30 April 2020

This article was written by Ciara Davies. 

This applies for submissions that are due up to and including 30 June 2020 and also the Employers’ Liability Register compliance return due in August.

If the return is not included on the FCA list, it does not benefit from the flexibility and firms must submit their data within the usual timeframe.

For small or medium size businesses (that is those paying less than £10,000 in fees and levies in 2020/2021) the administrative fee for all late returns will not be applied until 30 June 2020 (this also applies to any returns not listed by the FCA).

FCA published its finalised guidance on coronavirus and customers in temporary financial difficulty

The FCA has published its final guidance for insurance and premium finance firms on coronavirus and customers in temporary financial difficulty. The guidance builds on Principle 6 which requires a firm to pay due regard to the interests of its customers and treat them fairly, and ICOBS 2.5.1R which requires a firm to act honestly, fairly and professionally in accordance with the best interests of its customers.

Qualifying customers are those who are experiencing or reasonably expecting to experience temporary financial difficulties due to circumstances arising from coronavirus. The guidance is aimed at prompting firms to help qualifying customers by reducing the impact of temporary financial distress and ensuring that customers continue to have insurance that meets their demands and needs.
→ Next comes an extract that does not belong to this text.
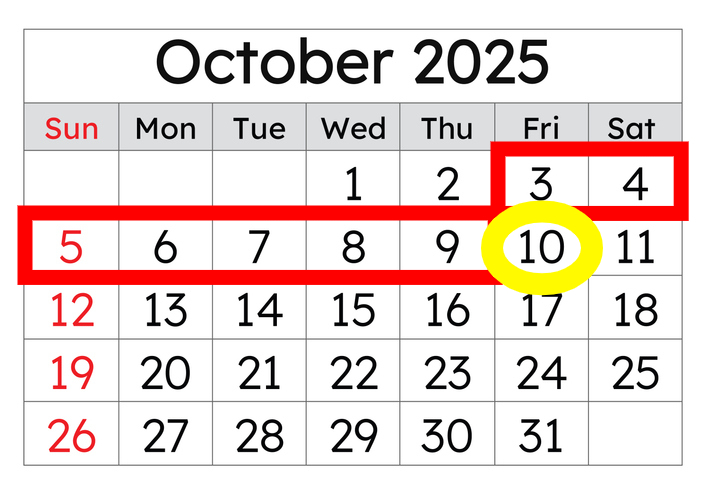 우주항공청 월력요항에 따르면 오는 10월 추석은 3일 개천절, 4일 토요일, 5~7일 추석, 8일 대체공휴일, 9일 한글날까지 총 7일 간의 황금연휴가 이어진다. 만약 여기에 10일(금요일)이 임시공휴일로 지정되면 11~12일 주말을 더해 열흘 간의 연휴가 가능해진다.

The guidance covers the actions that firms can take when they identify a qualifying customer as well as the circumstances under which the FCA would expect firms to grant a payment deferral. The guidance also sets out the FCA’s expectations of premium finance firms reviewing any interest rates associated with premium instalments.

After consulting on the draft guidance on 1 May 2020, the FCA has now published a feedback statement, summarising the feedback it received. With much support shown by respondents, only a small number of changes were made to the guidance. The amendments included:

  • clarification that firms do not have to consider an interest rate revision as a prerequisite to offering a payment deferral
  • flexibility for firms as to whether to offer a payment deferral period of between one and three months
  • clarification on how the guidance applies to different types of insurance contract and customer.

The finalised guidance will come into effect on 18 May 2020 and it will be reviewed within the next three months to see if it is still necessary in light of the developments around coronavirus.